Running The Inference Server
$ nvidia-docker run --rm --shm-size=1g --ulimit memlock=-1 --ulimit stack=67108864 -p8000:8000 --mount type=bind,source=/path/to/model/store,target=/tmp/models <container> /opt/inference_server/bin/inference_server --model-store=/tmp/modelsWhere <container> is the name of the docker container that was pulled from the NVIDIA DGX or NGC container registry as described in Pulling A Container.
The nvidia-docker --mount option maps /path/to/model/store on the host into the container at /tmp/models, and the --model-store option to the inference server is used to point to /tmp/models as the model store.

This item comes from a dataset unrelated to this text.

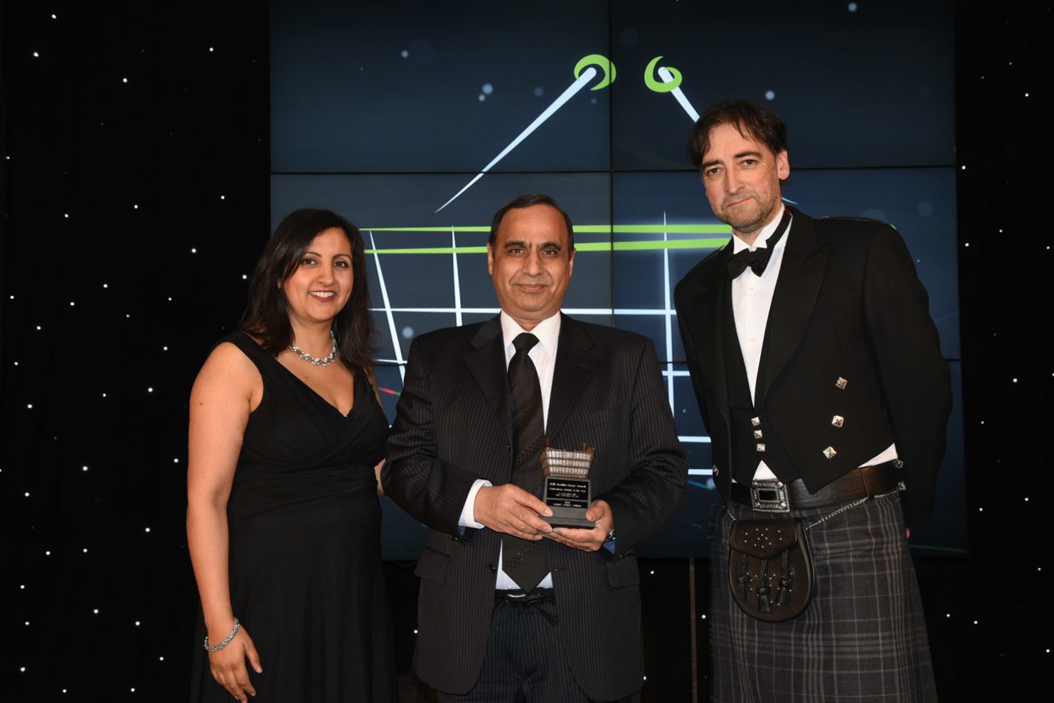 The Industry Achievement Award presented by Loch Lomond Group owner Colin Matthews and Scottish Grocer Managing Editor Patrick Duffy
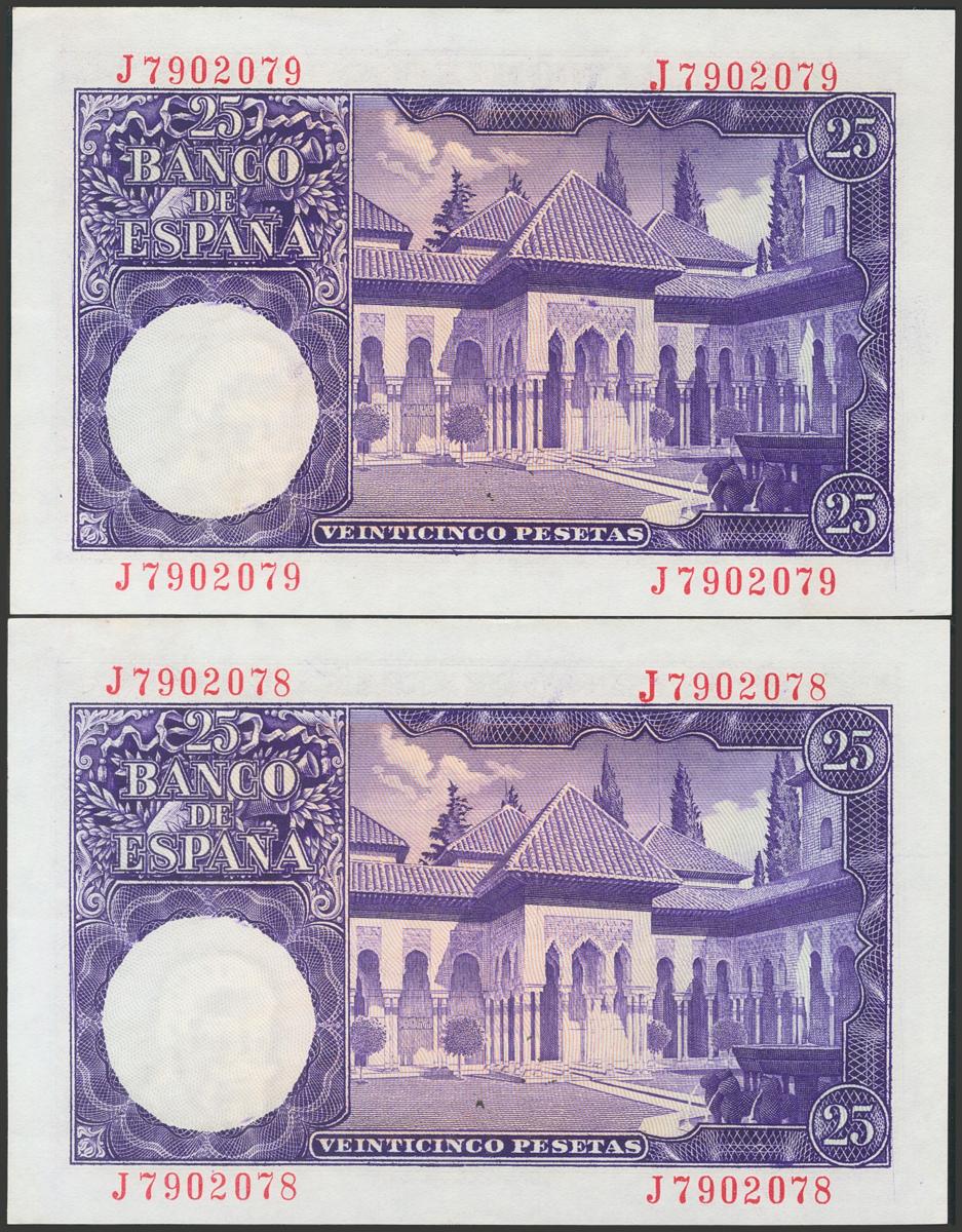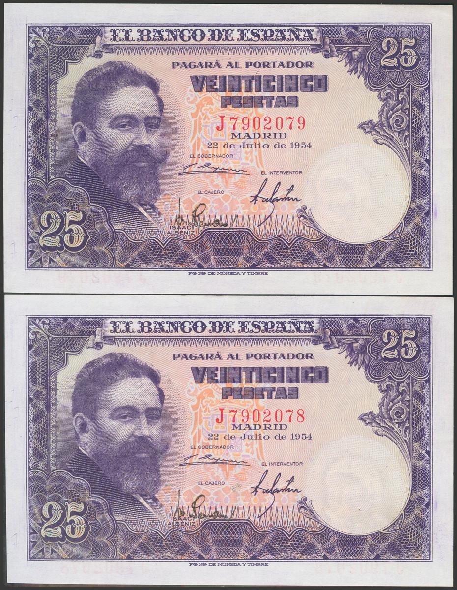 25 Pesetas. 22 de Julio de 1954. Pareja correlativa. Serie J. (Edifil 2017: 467a). Conserva todo su apresto original. EBC+.

The Inference Server listens on port 8000 and the above command uses the -p flag to map container port 8000 to host port 8000. A different host port can be used by modifying the -p flag, for example -p9000:8000 will cause the Inference Server to be available on host port 9000.
The --shm-size and --ulimit flags are recommended to improve Inference Server performance. For --shm-size the minimum recommended size if 1g but larger sizes may be necessary depending on the number and size of models being served.
Starting server listening on :8000
Additionally, C++ and Python client libraries and examples are available at GitHub: Inference Server. These libraries and examples demonstrate how to communicate with the Inference Server container from a C++ or Python application.